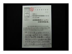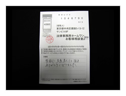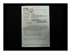 今回は本当にありがとうございました 肩の荷がおりて気分がラクに感じられます 弁護士先生も事務の方もみんな優しく親切で心から安心してお願いできました。また何かトラブルがあったらその際は再び依頼お願いすると思います よろしくお願いします
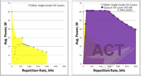 圖2:傳統(tǒng)DPSS調(diào)Q紫外激光器和Quasar可實現(xiàn)的參數(shù)范圍。
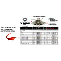 VMAX Rotors are Australian engineered of the highest quality high carbon content hardened cast iron, final machining is done by here in Melbourne in VMAX's Engineering Department, they are Dimpled, Slotted, Balanced, Hardness and Runout tested against manufacturing defects for a full 18m/30,000Km.
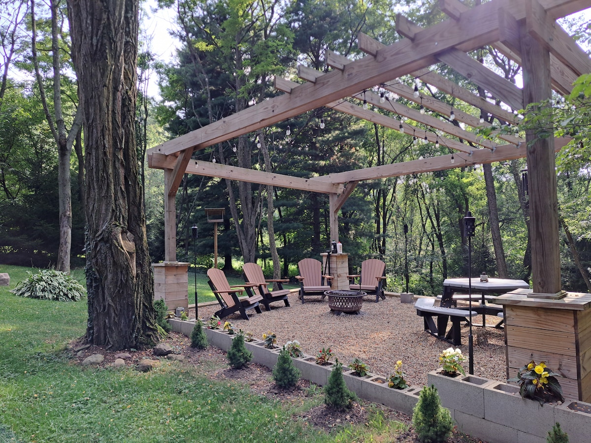 Ein schönes Blockhaus in Berlin Ohio, dem Herzen von Amish Country. Eingebettet neben einem 8-Acre-Teich mit einem offenen Dock und Adirondack-Stühlen. Die Natur bietet andere Entspannungsmöglichkeiten wie das Baden im Whirlpool, das Putten auf dem Putting-Green, das Sitzen unter der Pergola mit der Gasfeuerstelle, das Schaukeln auf der Veranda oder das Grillen auf der Terrasse. Oder du kannst ins Haus gehen und dich auf dem Massagesessel entspannen, ein Spiel spielen oder dir etwas auf einem der 4 Fernseher ansehen oder einfach ein Nickerchen machen.
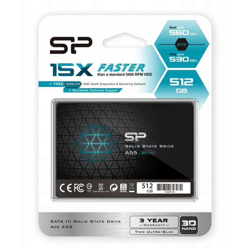 Диск SSD SILICON POWER - Ace A55, для ноутбука, 2.5", 512 ГБ, SATA, 6 Гб/с, speed write-530МБ/с read-560МБ/с, SP512GBSS3A55S25
---
* **Goal of the exercise**
Omit the pictures and please write out exactly the lines between the one containing "圖2:傳統(tǒng)DPS" and the last line of the entries, both included.

* **Written answer**
 圖2:傳統(tǒng)DPSS調(diào)Q紫外激光器和Quasar可實現(xiàn)的參數(shù)范圍。
 VMAX Rotors are Australian engineered of the highest quality high carbon content hardened cast iron, final machining is done by here in Melbourne in VMAX's Engineering Department, they are Dimpled, Slotted, Balanced, Hardness and Runout tested against manufacturing defects for a full 18m/30,000Km.
 Ein schönes Blockhaus in Berlin Ohio, dem Herzen von Amish Country. Eingebettet neben einem 8-Acre-Teich mit einem offenen Dock und Adirondack-Stühlen. Die Natur bietet andere Entspannungsmöglichkeiten wie das Baden im Whirlpool, das Putten auf dem Putting-Green, das Sitzen unter der Pergola mit der Gasfeuerstelle, das Schaukeln auf der Veranda oder das Grillen auf der Terrasse. Oder du kannst ins Haus gehen und dich auf dem Massagesessel entspannen, ein Spiel spielen oder dir etwas auf einem der 4 Fernseher ansehen oder einfach ein Nickerchen machen.
 Диск SSD SILICON POWER - Ace A55, для ноутбука, 2.5", 512 ГБ, SATA, 6 Гб/с, speed write-530МБ/с read-560МБ/с, SP512GBSS3A55S25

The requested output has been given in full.